Six phocid seal species inhabit North European waters; of these the harbour seal (Phoca vitulina), grey seal (Halichoerus grypus) and ringed seal (Phoca hispida) extend into the Baltic Sea. The three species make a phylogenetically close cluster (Árnason et al., 1993), yet they differ considerably in their population and social structures and migratory patterns (Bonner, 1994). So far, microsatellite assessments of the harbour and grey seal population structures have yielded partly unexpected results, e.g. strong differences between geographically close populations (Allen et al., 1995; Goodman, 1998). We now assess the population genetics of the ringed seal, focusing on questions of the history and structure of the Baltic population, assigned to P. hispida botnica.

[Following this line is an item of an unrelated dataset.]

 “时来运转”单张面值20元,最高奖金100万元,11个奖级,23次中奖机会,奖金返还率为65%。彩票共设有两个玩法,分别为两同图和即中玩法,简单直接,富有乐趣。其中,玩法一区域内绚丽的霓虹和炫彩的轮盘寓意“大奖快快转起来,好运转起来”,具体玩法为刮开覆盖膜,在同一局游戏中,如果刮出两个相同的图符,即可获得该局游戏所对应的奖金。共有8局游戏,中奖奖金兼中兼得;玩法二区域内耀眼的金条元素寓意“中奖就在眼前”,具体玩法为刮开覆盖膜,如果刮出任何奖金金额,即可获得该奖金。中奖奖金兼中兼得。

Arctic ringed seals could initially colonize the Baltic Sea basin during the deglaciation ≈11 500 calendar years ago (the Yoldia Sea stage), and were subsequently temporarily sequestered in the freshwater Ancylus Lake stage of the basin. Subsequently, a marine connection between the Baltic and North Sea was re-established and has thereafter remained open (Björck & Sandgren, 1987; Donner, 1995). However, due to the requirement of firm ice for breeding, it has been supposed that the ringed seal populations of the Arctic and Baltic Sea have remained in effective isolation since the Ancylus stage (Forstén & Alhonen, 1975). In the 20th century, the formerly large Baltic population crashed due to overhunting and reproductive failures. The estimated hauled-out population size in 1996 was around 5500. Breeding is mainly confined to three distinct peripheral areas: the Gulf of Bothnia, the Gulf of Riga and the Gulf of Finland (Härkönen et al., 1998; Fig. 1).

Figure 1
figure 1

Distribution and approximate current population sizes of the ringed seal (A) worldwide and (B) in the Baltic Sea (Härkönen et al., 1998). Darker shading in the Baltic shows the three main breeding areas.

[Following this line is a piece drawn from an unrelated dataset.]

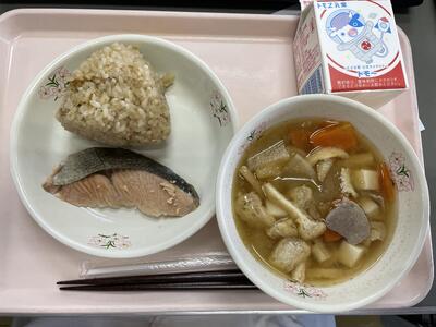 ⛄おにぎり(茶めし) ⛄牛乳 ⛄さけの塩焼き ⛄豚汁

Using heterospecific pinniped microsatellite markers, we address three issues of the genetic variation and history of ringed seals. First, the levels of heterozygosity in the ringed seal and its close relatives are examined in relation to their biology and long-term population histories. Second, we investigate the differentiation between Arctic and Baltic populations. The relative likelihoods of two extreme alternative scenarios of population structure and history (drift only vs. recurrent gene flow) are assessed using a coalescent-based simulation approach (Ciofi et al., 1999), and implications for the status of the Baltic population or subspecies are discussed. Third, we assess the differentiation between separate breeding areas within the Baltic Sea.

Materials and methods

Altogether 149 Baltic ringed seal individuals from two breeding areas, the Gulf of Finland and the Gulf of Bothnia, were used for the analyses. Thirty-nine ringed seals from Spitsbergen in the Svalbard archipelago made up an Arctic reference sample. The seals had either been found dead in fishing gear, or been killed in ordinary hunt or by the Finnish Game and Fisheries Research Institute for scientific purposes between 1981 and 1997. Tissue samples had been stored at −20°C.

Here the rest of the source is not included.